## What needs to be done:
Your answer must consist of every line from the data below that includes the word "perfect".

## Working data:
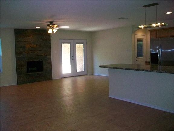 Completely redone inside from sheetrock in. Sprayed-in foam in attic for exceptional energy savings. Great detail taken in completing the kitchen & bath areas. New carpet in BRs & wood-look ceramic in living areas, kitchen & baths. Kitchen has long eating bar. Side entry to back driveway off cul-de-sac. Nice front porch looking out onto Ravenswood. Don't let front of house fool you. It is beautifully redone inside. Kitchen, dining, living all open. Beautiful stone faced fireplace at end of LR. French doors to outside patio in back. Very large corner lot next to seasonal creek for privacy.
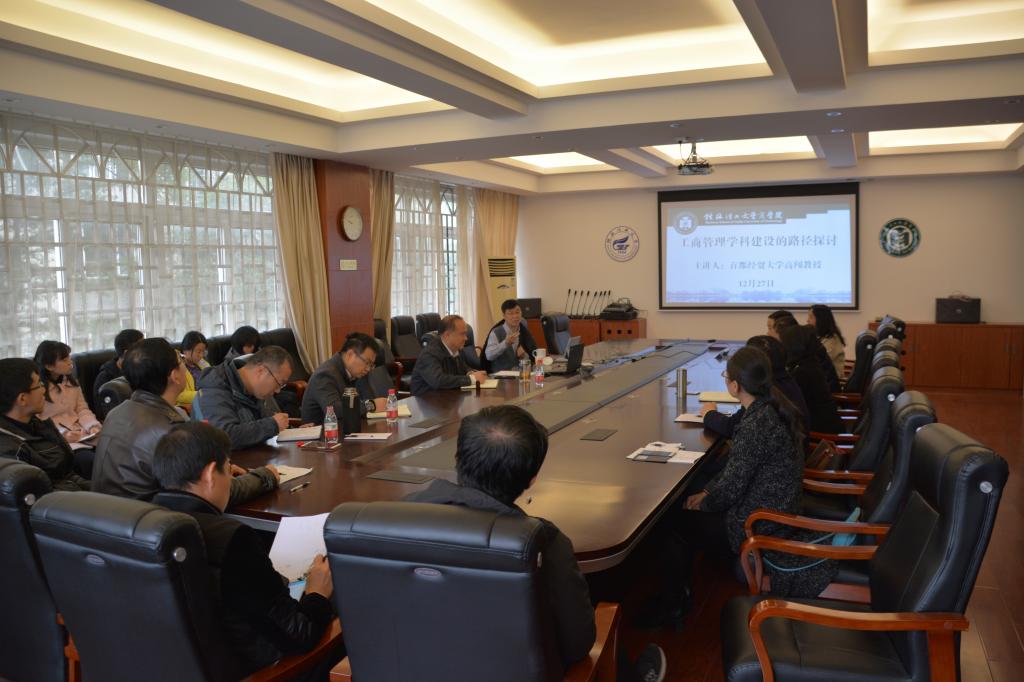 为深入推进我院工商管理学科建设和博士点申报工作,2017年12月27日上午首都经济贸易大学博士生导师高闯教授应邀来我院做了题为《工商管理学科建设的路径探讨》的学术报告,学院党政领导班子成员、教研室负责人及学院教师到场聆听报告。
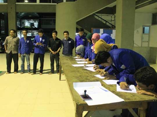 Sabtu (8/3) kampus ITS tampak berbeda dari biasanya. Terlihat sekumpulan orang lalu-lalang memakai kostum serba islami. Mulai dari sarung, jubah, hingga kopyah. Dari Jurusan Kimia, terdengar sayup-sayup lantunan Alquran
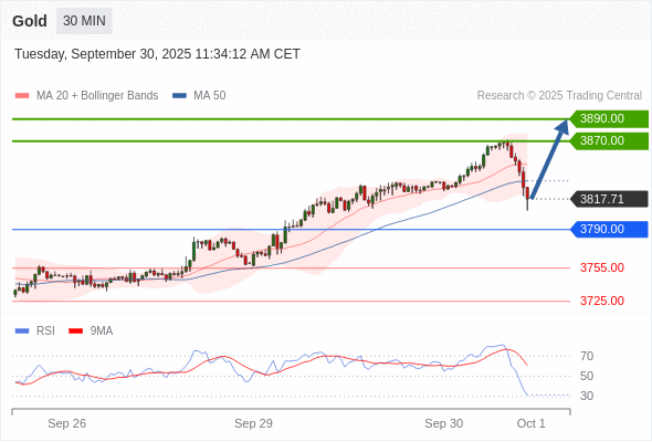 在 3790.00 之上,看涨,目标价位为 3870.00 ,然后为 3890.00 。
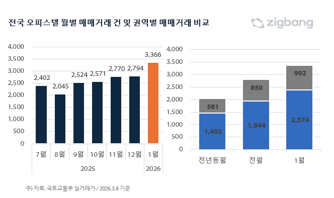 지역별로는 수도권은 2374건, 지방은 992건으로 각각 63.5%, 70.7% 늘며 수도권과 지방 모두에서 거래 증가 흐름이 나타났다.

--

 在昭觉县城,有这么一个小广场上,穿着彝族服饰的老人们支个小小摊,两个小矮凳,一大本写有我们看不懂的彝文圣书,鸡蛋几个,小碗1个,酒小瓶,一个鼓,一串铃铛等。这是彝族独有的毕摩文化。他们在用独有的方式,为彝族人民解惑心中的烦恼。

* * *

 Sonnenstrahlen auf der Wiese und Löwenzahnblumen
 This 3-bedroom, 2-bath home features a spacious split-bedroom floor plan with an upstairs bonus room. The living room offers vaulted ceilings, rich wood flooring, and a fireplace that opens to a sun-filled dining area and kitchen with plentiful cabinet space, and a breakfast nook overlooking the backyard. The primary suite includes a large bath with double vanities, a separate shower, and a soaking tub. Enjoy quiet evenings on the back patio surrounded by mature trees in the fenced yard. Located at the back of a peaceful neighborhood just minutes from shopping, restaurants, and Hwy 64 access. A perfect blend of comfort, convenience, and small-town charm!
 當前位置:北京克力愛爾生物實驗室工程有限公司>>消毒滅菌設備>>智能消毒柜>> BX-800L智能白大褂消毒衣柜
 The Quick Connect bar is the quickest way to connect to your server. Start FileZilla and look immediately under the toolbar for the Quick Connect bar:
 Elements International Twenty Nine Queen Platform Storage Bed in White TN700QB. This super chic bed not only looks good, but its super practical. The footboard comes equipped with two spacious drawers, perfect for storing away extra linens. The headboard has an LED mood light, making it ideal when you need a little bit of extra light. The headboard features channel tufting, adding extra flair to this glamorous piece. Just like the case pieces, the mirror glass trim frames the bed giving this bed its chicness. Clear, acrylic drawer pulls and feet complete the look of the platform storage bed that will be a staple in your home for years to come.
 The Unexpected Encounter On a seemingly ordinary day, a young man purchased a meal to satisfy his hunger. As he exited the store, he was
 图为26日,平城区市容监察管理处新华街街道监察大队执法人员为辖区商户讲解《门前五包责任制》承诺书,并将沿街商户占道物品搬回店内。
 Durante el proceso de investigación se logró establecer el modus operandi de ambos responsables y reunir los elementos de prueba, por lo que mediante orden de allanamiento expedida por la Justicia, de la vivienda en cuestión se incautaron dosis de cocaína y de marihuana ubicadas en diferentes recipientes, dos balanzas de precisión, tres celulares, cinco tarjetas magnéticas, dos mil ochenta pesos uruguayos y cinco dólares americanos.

## Answer to this exercise:
 This 3-bedroom, 2-bath home features a spacious split-bedroom floor plan with an upstairs bonus room. The living room offers vaulted ceilings, rich wood flooring, and a fireplace that opens to a sun-filled dining area and kitchen with plentiful cabinet space, and a breakfast nook overlooking the backyard. The primary suite includes a large bath with double vanities, a separate shower, and a soaking tub. Enjoy quiet evenings on the back patio surrounded by mature trees in the fenced yard. Located at the back of a peaceful neighborhood just minutes from shopping, restaurants, and Hwy 64 access. A perfect blend of comfort, convenience, and small-town charm!
 Elements International Twenty Nine Queen Platform Storage Bed in White TN700QB. This super chic bed not only looks good, but its super practical. The footboard comes equipped with two spacious drawers, perfect for storing away extra linens. The headboard has an LED mood light, making it ideal when you need a little bit of extra light. The headboard features channel tufting, adding extra flair to this glamorous piece. Just like the case pieces, the mirror glass trim frames the bed giving this bed its chicness. Clear, acrylic drawer pulls and feet complete the look of the platform storage bed that will be a staple in your home for years to come.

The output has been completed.